Repeat all of the data below word for word, keeping no images.

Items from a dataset
##########
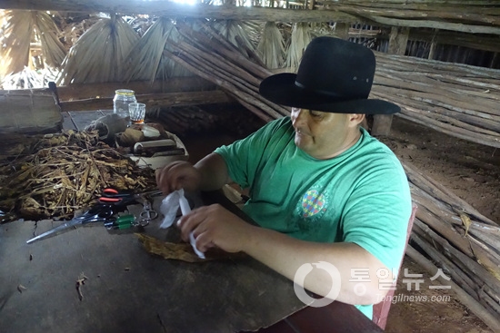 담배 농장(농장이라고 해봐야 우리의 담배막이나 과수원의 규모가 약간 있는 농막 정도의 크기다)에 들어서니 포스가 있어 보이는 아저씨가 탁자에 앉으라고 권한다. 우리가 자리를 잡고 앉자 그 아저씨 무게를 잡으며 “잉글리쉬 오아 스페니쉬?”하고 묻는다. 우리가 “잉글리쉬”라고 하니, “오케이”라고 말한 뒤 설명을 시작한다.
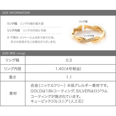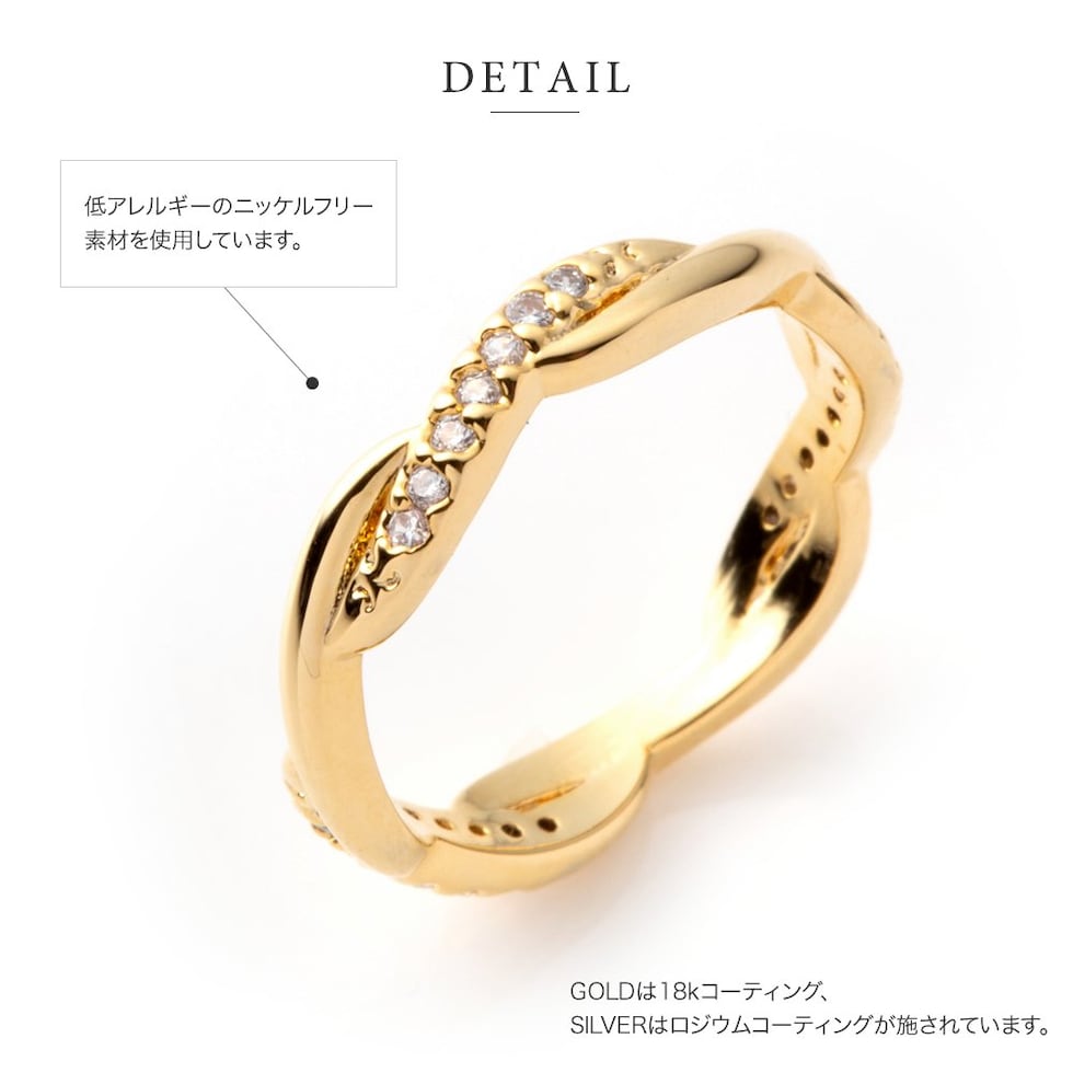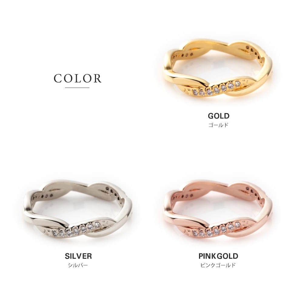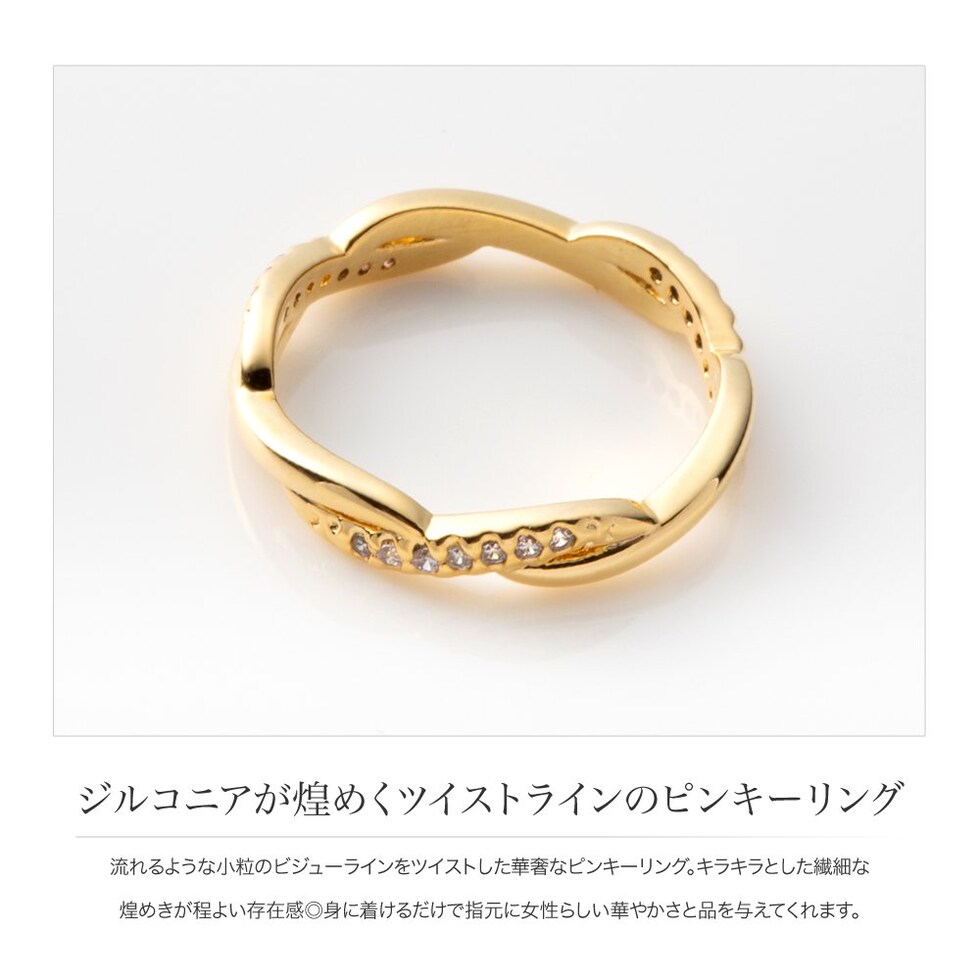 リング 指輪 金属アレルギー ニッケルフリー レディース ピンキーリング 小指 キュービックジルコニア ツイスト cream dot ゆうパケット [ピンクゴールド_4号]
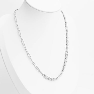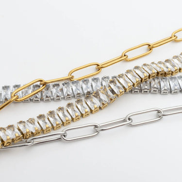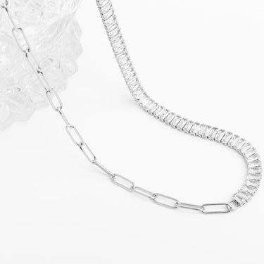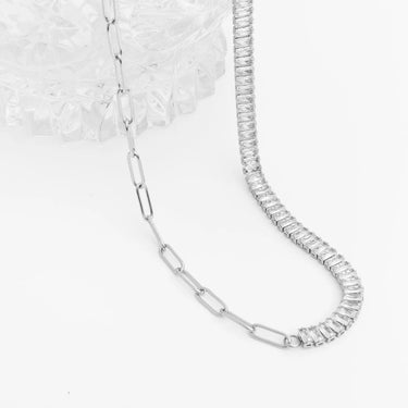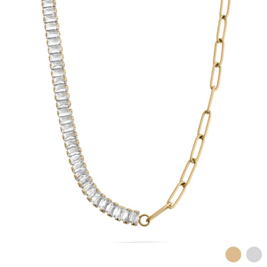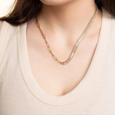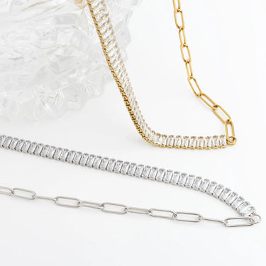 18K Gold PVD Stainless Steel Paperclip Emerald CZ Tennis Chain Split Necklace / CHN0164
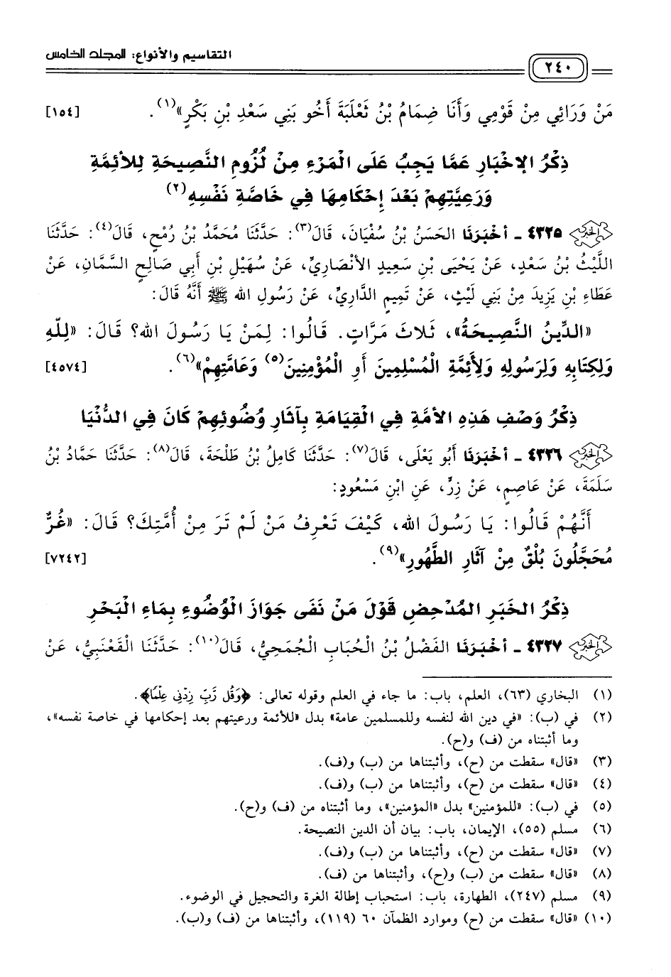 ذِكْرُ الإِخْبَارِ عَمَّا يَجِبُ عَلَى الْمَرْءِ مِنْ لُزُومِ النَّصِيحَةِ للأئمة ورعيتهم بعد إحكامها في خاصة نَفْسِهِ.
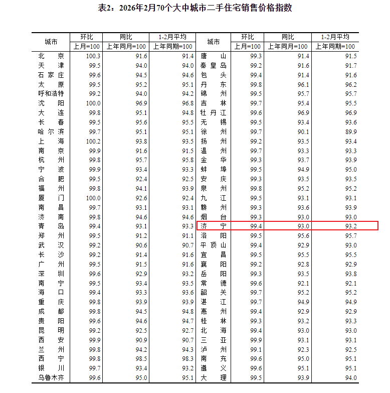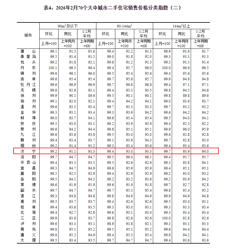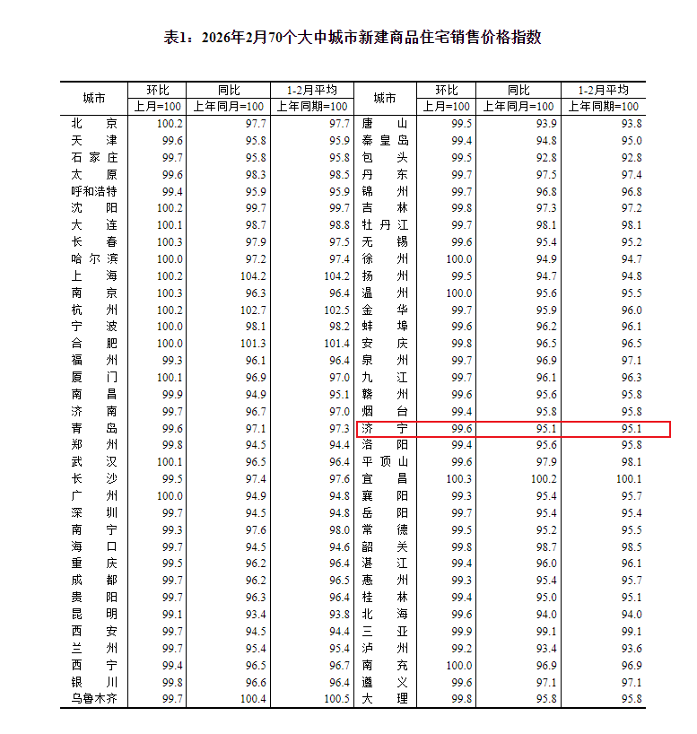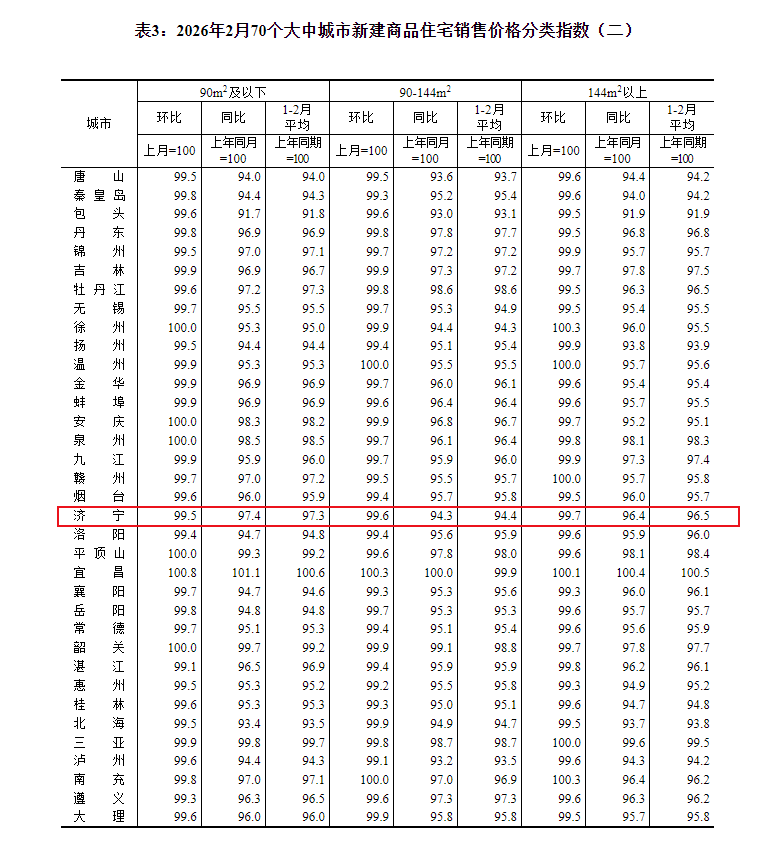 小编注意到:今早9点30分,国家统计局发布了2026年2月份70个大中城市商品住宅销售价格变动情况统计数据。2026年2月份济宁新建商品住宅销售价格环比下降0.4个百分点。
##########
EXERCISE ANSWER
 담배 농장(농장이라고 해봐야 우리의 담배막이나 과수원의 규모가 약간 있는 농막 정도의 크기다)에 들어서니 포스가 있어 보이는 아저씨가 탁자에 앉으라고 권한다. 우리가 자리를 잡고 앉자 그 아저씨 무게를 잡으며 “잉글리쉬 오아 스페니쉬?”하고 묻는다. 우리가 “잉글리쉬”라고 하니, “오케이”라고 말한 뒤 설명을 시작한다.
 リング 指輪 金属アレルギー ニッケルフリー レディース ピンキーリング 小指 キュービックジルコニア ツイスト cream dot ゆうパケット [ピンクゴールド_4号]
 18K Gold PVD Stainless Steel Paperclip Emerald CZ Tennis Chain Split Necklace / CHN0164
 ذِكْرُ الإِخْبَارِ عَمَّا يَجِبُ عَلَى الْمَرْءِ مِنْ لُزُومِ النَّصِيحَةِ للأئمة ورعيتهم بعد إحكامها في خاصة نَفْسِهِ.
 小编注意到:今早9点30分,国家统计局发布了2026年2月份70个大中城市商品住宅销售价格变动情况统计数据。2026年2月份济宁新建商品住宅销售价格环比下降0.4个百分点。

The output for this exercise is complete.